Sunday, September 8, 2013

7 days to go


Why don't you run a marathon this year?
 I don't know, because it's just a lot from everyone.
 I know but you love this.
I do.
We'll make it work. Come on.
Ok. Twist my arm.


It was pretty much that easy to get me to sign up for Erie this summer, I wasn't going to. I was put up to this, a surely did not resist. Since that decision life has been water through the fingertips, slipping right through my fingertips. It's funny, because I am still deciding whether this was a good idea or not and it's almost over.
At this time next week I will already be on my way back home. It's less than a week away.
                               I am ready.
I often encounter people that say "I don't know how you do it" and this time I agree.
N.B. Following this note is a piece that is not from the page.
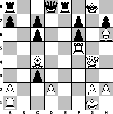 game notation in PGN-format [Event "Dabei ist alles 2"] [Site "www.myChess.de"] [Date "2008.04.04"] [Round "1"] [White "Naunhofer"] [Black "Steppenwolf"] [ECO "D20"] [WhitemyELO "1675"] [BlackmyELO "1435"] [Result "1-0"] [TimeControl "10/864000"] [WhiteDays "10"] [BlackDays "10"] [MyChessNo "44049"] 1. d4 d5 2. c4 dxc4 3. Nc3 Nf6 4. Nf3 Bg4 5. Ne5 Nc6 6. f3 Bf5 7. Nxc6 bxc6 8. e4 Bg6 9. Bxc4 e6 10. Bg5 Bb4 11. e5 Bxc3+ 12. bxc3 O-O 13. exf6 gxf6 14. Bh6 Re8 15. O-O e5 16. f4 exd4 17. f5 Bxf5 18. Rxf5 dxc3 19. Qg4+ 1-0 position notation in FEN-format r2qr1k1/p1p2p1p/2p2p1B/5R2/2B3Q1/2p5/P2P2PP/R5K1 - - - 1 19 Captured white pieces: Captured black pieces: Click on a captured piece in order to display the desired move!

I don't know either. My typical day is an early rise of 5, I get my self ready, I wake my kids and feed everyone, I pack 4 lunches, I have 3 dogs to deal with, I get my kids ready, then I drop one child off in one town, and one child in another and go to work. after work we do the same exact thing backwards, pick ups, go home, feed everyone, deal with animals, bath kids, dress for bed, unpack everything, and then THEN I exercise, and bed or just bed depending on the child care situation. Weekends are more fun and laid back when I do my distance training, and I do cleaning and fun stuff with the family, and buy more food units to consume. I don't watch tv because I sit down and fall asleep. I am not complaining that's just life right now. I will keep the pattern too once the race is over and the rest is done.
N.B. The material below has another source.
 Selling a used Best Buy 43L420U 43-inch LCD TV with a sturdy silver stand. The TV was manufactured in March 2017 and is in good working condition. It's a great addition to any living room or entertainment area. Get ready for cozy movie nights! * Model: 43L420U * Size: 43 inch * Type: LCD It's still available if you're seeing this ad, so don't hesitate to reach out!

  But I do think this may be the last long distance race I do for a while. Kids just keep growing, it's their time to be kids. I will have 2 soccer players this year. I plan to run the shit out of this race, I am not going to be singing any should of could of would of's. This will be the one I lay it all out there.  I have felt tired and "over it" for a few weeks now, the one thing that keeps me going is that those kids are going to be there this year for the first time, and some day maybe, just maybe they will think their old mom was cool.